Records contained in a dataset:
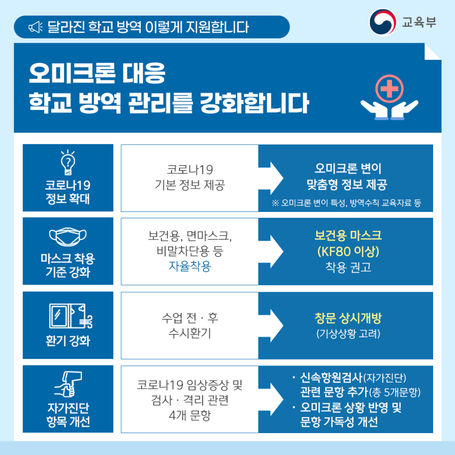 새 학기 방역 및 학사의 모든 것 ! 궁금증을 풀어드립니다. - 학생·학부모편 (0) | 2022.02.28 |
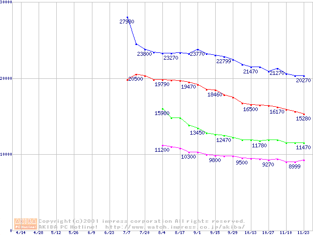 | [↑前グラフ]: | Fireball Plus AS (7200rpm UltraATA/100 2MB)の最安値推移 |
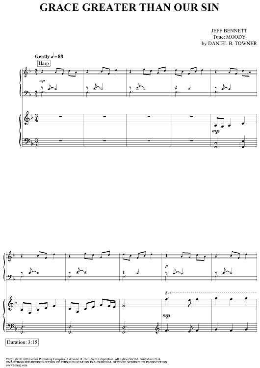 "Grace Greater than Our Sin" Sheet Music by Daniel B. Towner
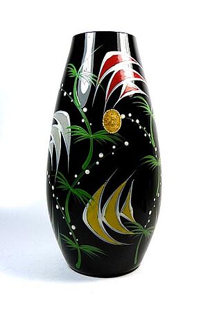 Schwarze Glasvase mit farbiger Emaille-Malerei
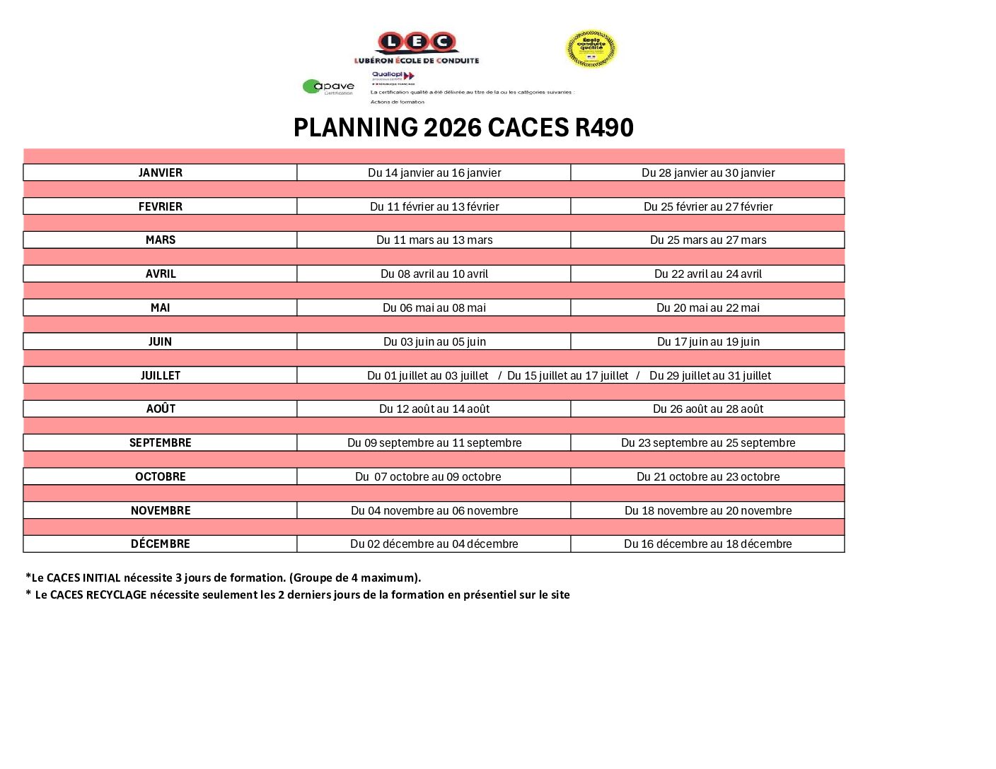 PERMIS A1/A2 – PERMIS BE – PERMIS C – PERMIS C1 – PERMIS CE – CACES® R489 cat. 1,3, 5 – CACES® R490
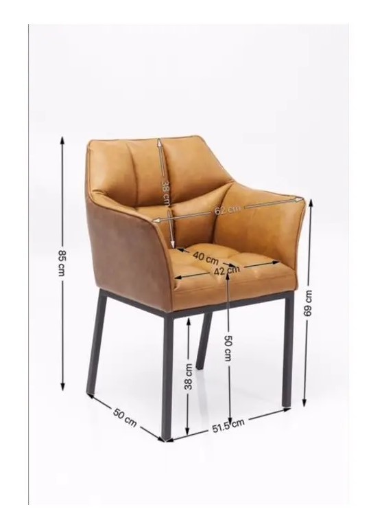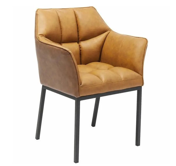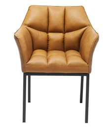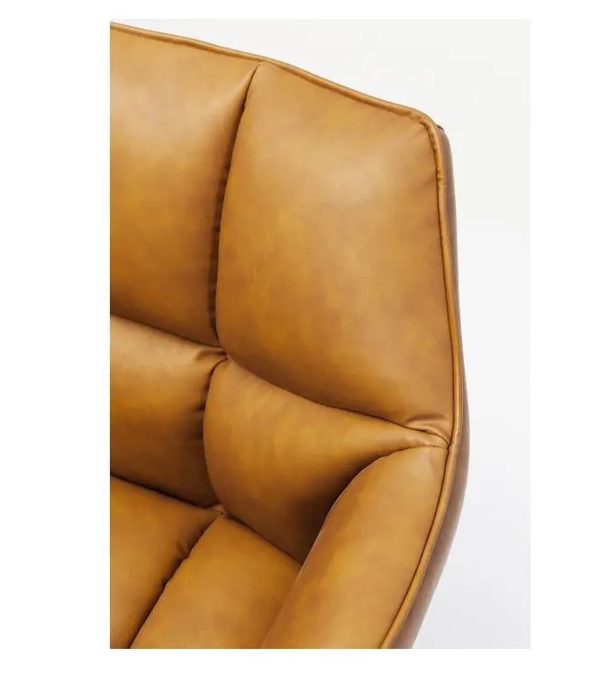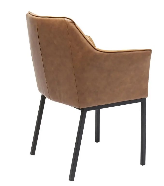 Wygodne siedzisko o kształcie muszli z zaokrąglonymi podłokietnikami wykonano z brązowej skóry a czarną matową podstawę ze stali.
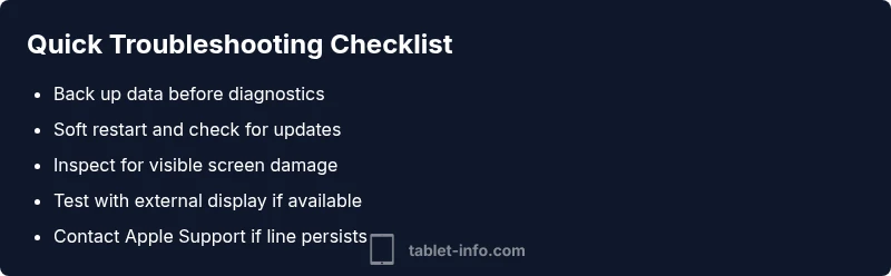 Step-by-step troubleshooting guide to diagnose and fix a vertical line on iPad Pro screens, including safe checks, common hardware causes, and repair options from Tablet Info.

WORK REQUEST: Set down every record once more, word for word, without pictures.

OUTPUT OF THE EXERCISE:
 새 학기 방역 및 학사의 모든 것 ! 궁금증을 풀어드립니다. - 학생·학부모편 (0) | 2022.02.28 |
 | [↑前グラフ]: | Fireball Plus AS (7200rpm UltraATA/100 2MB)の最安値推移 |
 "Grace Greater than Our Sin" Sheet Music by Daniel B. Towner
 Schwarze Glasvase mit farbiger Emaille-Malerei
 PERMIS A1/A2 – PERMIS BE – PERMIS C – PERMIS C1 – PERMIS CE – CACES® R489 cat. 1,3, 5 – CACES® R490
 Wygodne siedzisko o kształcie muszli z zaokrąglonymi podłokietnikami wykonano z brązowej skóry a czarną matową podstawę ze stali.
 Step-by-step troubleshooting guide to diagnose and fix a vertical line on iPad Pro screens, including safe checks, common hardware causes, and repair options from Tablet Info.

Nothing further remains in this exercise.